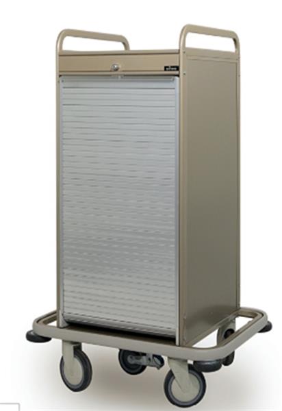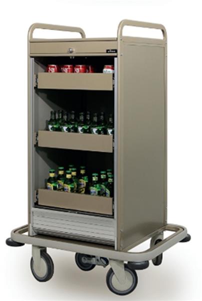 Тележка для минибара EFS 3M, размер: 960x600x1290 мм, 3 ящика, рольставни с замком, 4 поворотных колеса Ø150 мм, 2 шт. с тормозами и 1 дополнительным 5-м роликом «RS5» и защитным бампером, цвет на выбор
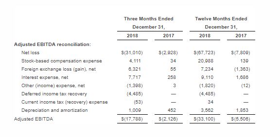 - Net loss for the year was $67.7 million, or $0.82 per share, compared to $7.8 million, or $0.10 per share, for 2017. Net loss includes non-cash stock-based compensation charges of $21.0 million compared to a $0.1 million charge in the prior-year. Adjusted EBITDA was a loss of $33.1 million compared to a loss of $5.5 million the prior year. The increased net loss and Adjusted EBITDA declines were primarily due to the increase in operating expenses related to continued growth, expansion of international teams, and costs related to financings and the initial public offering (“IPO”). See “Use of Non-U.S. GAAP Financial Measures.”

* * *

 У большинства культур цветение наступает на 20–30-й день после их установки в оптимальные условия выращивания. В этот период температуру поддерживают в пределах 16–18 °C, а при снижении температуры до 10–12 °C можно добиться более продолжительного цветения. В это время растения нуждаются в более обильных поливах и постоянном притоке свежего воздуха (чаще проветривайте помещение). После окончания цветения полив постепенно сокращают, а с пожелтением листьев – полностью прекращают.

Exercise goal
Among the entries above, copy exactly the stretch from the line holding "Тележка для минибара" through the line holding "- Net loss for", leaving out any pictures.

Response
 Тележка для минибара EFS 3M, размер: 960x600x1290 мм, 3 ящика, рольставни с замком, 4 поворотных колеса Ø150 мм, 2 шт. с тормозами и 1 дополнительным 5-м роликом «RS5» и защитным бампером, цвет на выбор
 - Net loss for the year was $67.7 million, or $0.82 per share, compared to $7.8 million, or $0.10 per share, for 2017. Net loss includes non-cash stock-based compensation charges of $21.0 million compared to a $0.1 million charge in the prior-year. Adjusted EBITDA was a loss of $33.1 million compared to a loss of $5.5 million the prior year. The increased net loss and Adjusted EBITDA declines were primarily due to the increase in operating expenses related to continued growth, expansion of international teams, and costs related to financings and the initial public offering (“IPO”). See “Use of Non-U.S. GAAP Financial Measures.”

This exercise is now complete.